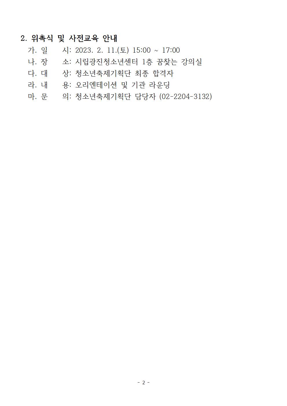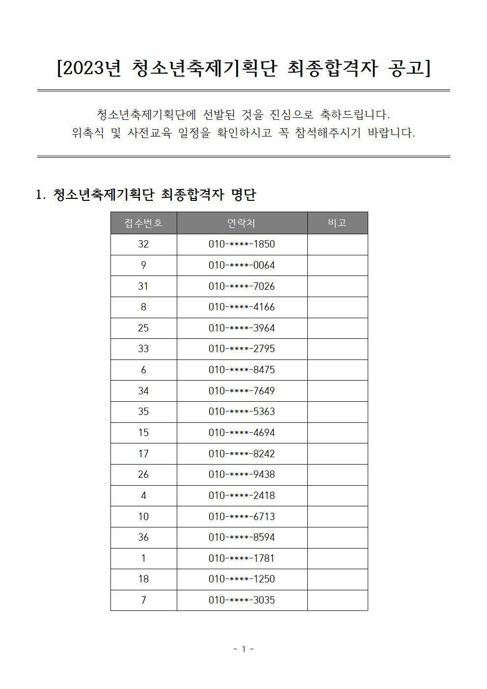 2023³â û¼Ò³âÃàÁ¦±âȹ´Ü ÃÖÁ¾ÇÕ°ÝÀÚ ¾È³» | ||
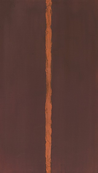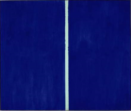 Ньюман. Onement I. (Согласие I). 1948. 69,2 х 41,2 см. Казалось бы, получилось произведение прикладного искусства, иллюстрируется нечто кабаллистическое. Я дал словарный перевод английского названия картины. А на самом деле она "…называлась “Onement I”, что означает “единое” в смысле Абсолюта. Разделение поверхности картины вертикальной полосой надвое говорит о первом акте творения, и исследователи творчества Ньюмана уже обратили внимание на то, что в похожих терминах первоначальные этапы творения описаны в лурианской каббале” (Там же). Можно даже сказать, что это иллюстрация такой степени, что выводит её за пределы искусства как экстраординарности. Какая, к чёрту, экстраординарность, когда просто слова переведены в изображение. И всё переворачивается, если это самообманная маскировка отчаяния, ибо появилось нечто "внушающее ужас [не атомная угроза, а хуже – что-то метафизическое, как Чёрт], по сравнению с чем удовольствие от “прекрасного” стало неактуальным и старомодным” (Там же). Осталось только тёмное удовольствие от того, что удалось выразить это иномирие. Непосредственное и бездумное впечатление, согласитесь, нехорошее ЧТО-ТО. Хоть оно и тёплого оттенка. Власти США (и ЦРУ даже) и обслуживающие их критики талантливо воспользовались ограничениями в СССР на формализм и благосклонность к реализму и представили такой абстракционизм выразителем свободы. "Границы тонов на них на самом деле ничего не разделяют, а провозглашают один из главных американских принципов — свободу. Американский арт-критик Клемент Гринберг писал: “Границы больших полотен Ньюмана играют ту же роль, что и внутренние линии форм. Они делят, но ничего не разделяют, не замыкают и не изолируют. Они устанавливают границы, но ничего не ограничивают”” (https://artifex.ru/%D0%B6%D0%B8%D0%B2%D0%BE%D0%BF%D0%B8%D1%81%D1%8C/%D0%B1%D0%B0%D1%80%D0%BD%D0%B5%D1%82%D1%82-%D0%BD%D1%8C%D1%8E%D0%BC%D0%B0%D0%BD/). Правда, он свою картину 1948 года никому не показал. И я не знаю, как там было между Гринбергом и Ньюманом, но написал Гринберг явно не про нехорошее ЧТО-ТО. А Ньюман последующие картины “с застёжками” сделал яркими и огромными.
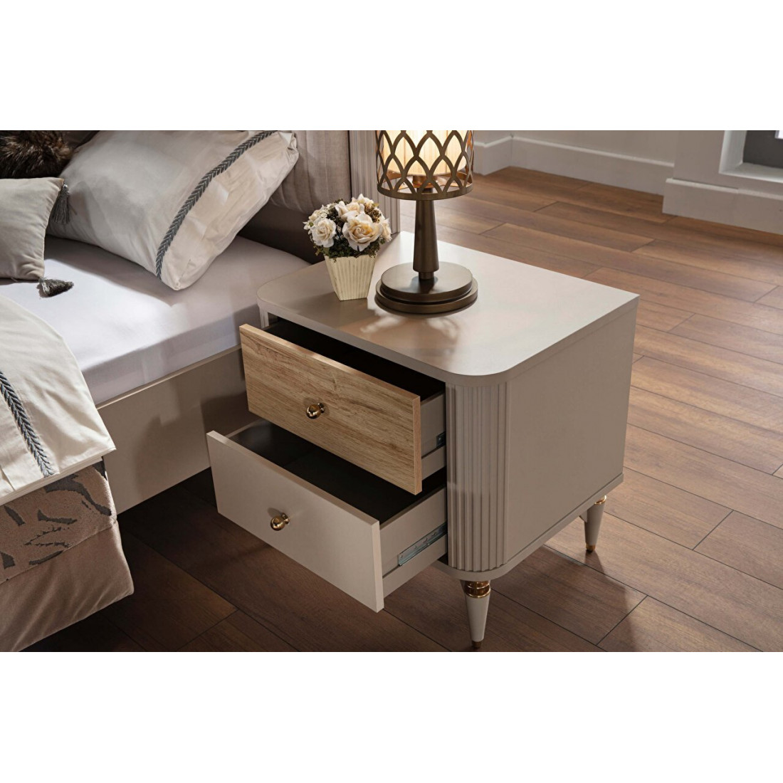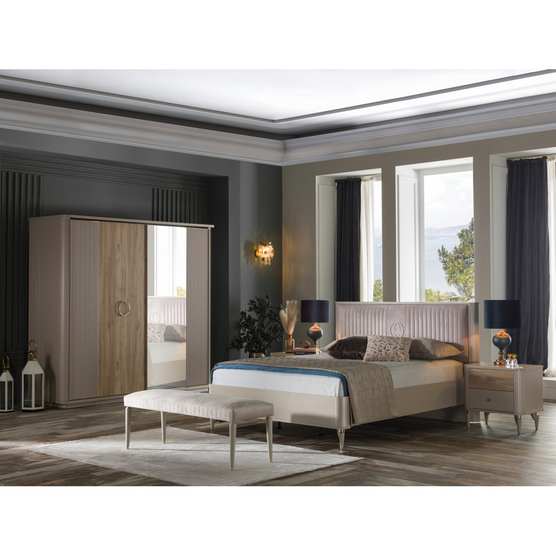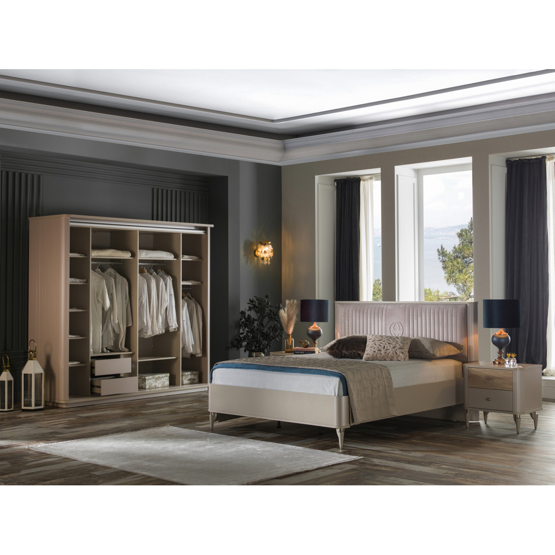 В цветовой гамме спального гарнитура Sanvito предпочтение отдается кремовому и ореховому цветам.

* * * * *

## What is needed
All lines from the one containing "Ньюман. Onement I." through the end of the data are to be restated exactly, with nothing else and without the pictures.

## Result for this task
 Ньюман. Onement I. (Согласие I). 1948. 69,2 х 41,2 см. Казалось бы, получилось произведение прикладного искусства, иллюстрируется нечто кабаллистическое. Я дал словарный перевод английского названия картины. А на самом деле она "…называлась “Onement I”, что означает “единое” в смысле Абсолюта. Разделение поверхности картины вертикальной полосой надвое говорит о первом акте творения, и исследователи творчества Ньюмана уже обратили внимание на то, что в похожих терминах первоначальные этапы творения описаны в лурианской каббале” (Там же). Можно даже сказать, что это иллюстрация такой степени, что выводит её за пределы искусства как экстраординарности. Какая, к чёрту, экстраординарность, когда просто слова переведены в изображение. И всё переворачивается, если это самообманная маскировка отчаяния, ибо появилось нечто "внушающее ужас [не атомная угроза, а хуже – что-то метафизическое, как Чёрт], по сравнению с чем удовольствие от “прекрасного” стало неактуальным и старомодным” (Там же). Осталось только тёмное удовольствие от того, что удалось выразить это иномирие. Непосредственное и бездумное впечатление, согласитесь, нехорошее ЧТО-ТО. Хоть оно и тёплого оттенка. Власти США (и ЦРУ даже) и обслуживающие их критики талантливо воспользовались ограничениями в СССР на формализм и благосклонность к реализму и представили такой абстракционизм выразителем свободы. "Границы тонов на них на самом деле ничего не разделяют, а провозглашают один из главных американских принципов — свободу. Американский арт-критик Клемент Гринберг писал: “Границы больших полотен Ньюмана играют ту же роль, что и внутренние линии форм. Они делят, но ничего не разделяют, не замыкают и не изолируют. Они устанавливают границы, но ничего не ограничивают”” (https://artifex.ru/%D0%B6%D0%B8%D0%B2%D0%BE%D0%BF%D0%B8%D1%81%D1%8C/%D0%B1%D0%B0%D1%80%D0%BD%D0%B5%D1%82%D1%82-%D0%BD%D1%8C%D1%8E%D0%BC%D0%B0%D0%BD/). Правда, он свою картину 1948 года никому не показал. И я не знаю, как там было между Гринбергом и Ньюманом, но написал Гринберг явно не про нехорошее ЧТО-ТО. А Ньюман последующие картины “с застёжками” сделал яркими и огромными.
 В цветовой гамме спального гарнитура Sanvito предпочтение отдается кремовому и ореховому цветам.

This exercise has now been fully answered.